The hit ratio is close to 50%, hence the model does hardly better than coin tossing.

Before we close this section on RNNs, we mention a new type architecture, called \(\alpha\)-RNN which are simpler compared to LSTMs and GRUs. They consist in vanilla RNNs to which a simple autocorrelation is added to generate long term memory. We refer to the paper Matthew F. Dixon (2020) for more details on this subject.

## 7.6 Tabular networks (TabNets)

The superiority of neural networks in tasks related to computer vision and natural language processing is now well established. However, in many ML tournaments in the 2010 decade, neural networks have often been surpassed by tree-based models when dealing with tabular data.
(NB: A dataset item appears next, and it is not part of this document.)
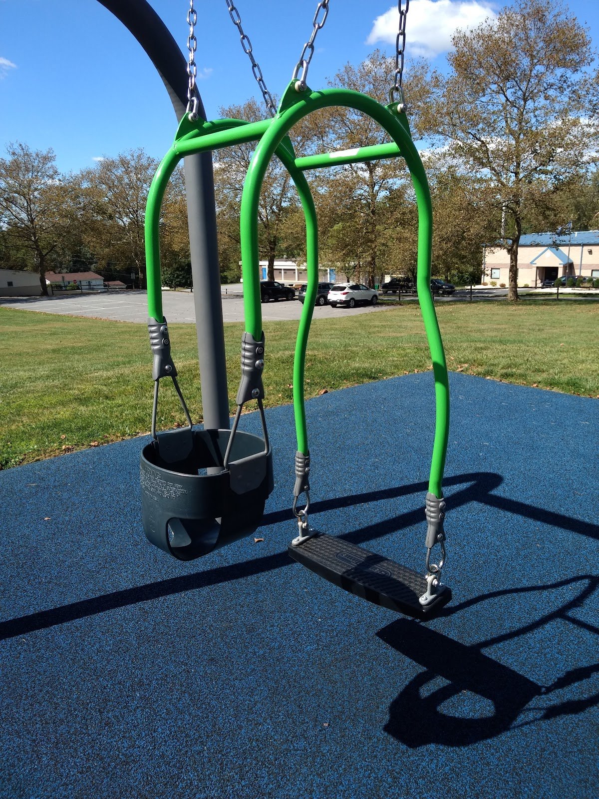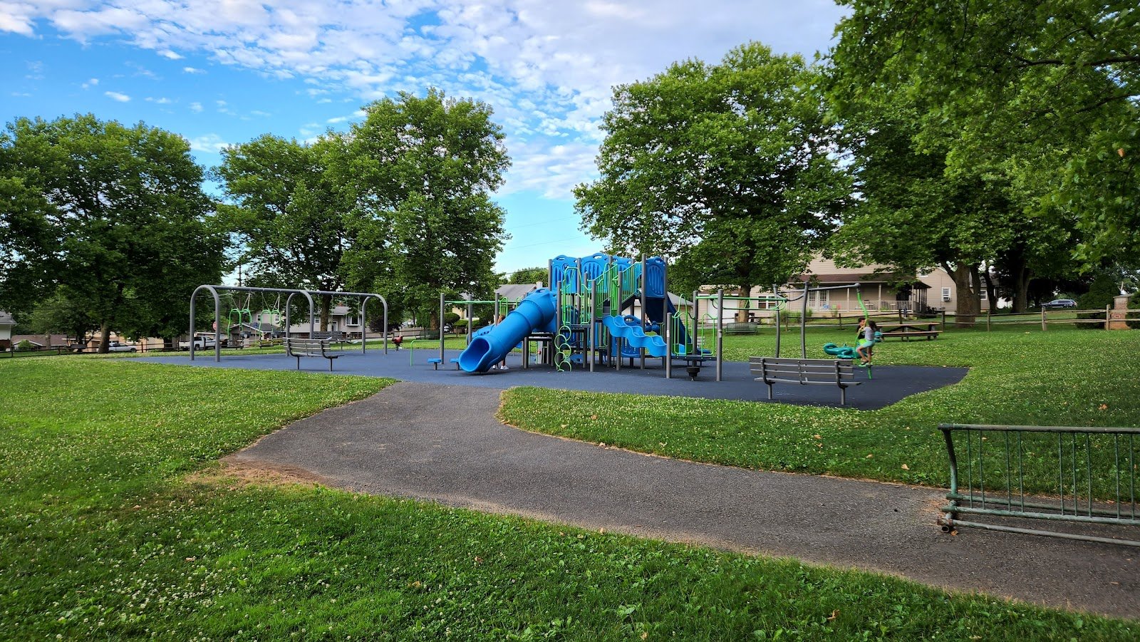My kids love this park. Swings, swings for parent and baby ( which I’ve never seen before) playground, slides, steering wheel at the top, picnic tables, grass to run around but also near a library. What’s not to love about this park.

This puzzle encouraged researchers to construct novel NN structures that are better suited to tabular databases. Examples include Arik and Pfister (2020) and Popov, Morozov, and Babenko (2019). Surprisingly, the reverse idea also exists: Nuti, Rugama, and Thommen (2019) try to adapt trees and random forests so that they behave more like neural networks. The interested reader can have a look at the original papers. In this subsection, we detail the architecture introduced in Arik and Pfister (2020), the so-called TabNets.

### 7.6.1 The zoo of layers

In Figure 7.3, both layers are of the same type. They take a vector of inputs and return a number which is a linear combination of these inputs. In the ML jargon, this type of layer is called “*fully connected*” (FC). In Keras syntax, they are referred to as “*layer_dense*.”

There are many other layer types. The recurrent layer described in the previous section 7.5 is one example and convolutional layers (see next section 7.7.3) are another family of layers. One simple yet useful layer is batch normalization (BN). The idea is that before processing the output of a previous layer, we want to normalize the information that is coming to a new layer. In most of our applications, the inputs and outputs are matrices and BN amounts to perform the same two operations on the columns of these matrices. the first operation is to retrieve the mean, so that column averages are zero. The second operation is to divide by the standard deviation, so that column variances are equal to one. One useful property is that then all inputs have relatively similar statistical properties (though not necessarily the same distributions).

In ML papers, models and architectures are thus represented as series of layers. In short, Figure 7.3 could be written: \[\text{input} \rightarrow FC \rightarrow FC \rightarrow \text{output},\]

which has the advantage of being compact, but which also omits some important details, like the numbers of units per layer and the nature of the activation functions. Modern deep learning models are so complex that succinct overviews like this one are easier to read.

Another interesting layer type is the Gated Linear Unit (GLU). Given a matrix input \(\textbf{X}\), the GLU yields \[\text{GLU}(\textbf{X}) = (\textbf{XW} + \textbf{b}) \cdot \sigma(\textbf{XW} + \textbf{b}),\] where “\(\cdot\)” is the Hadamard (element-wise) matrix product and \(\sigma\) is the sigmoid function (GLUs can be generalized to other easily differentiable functions).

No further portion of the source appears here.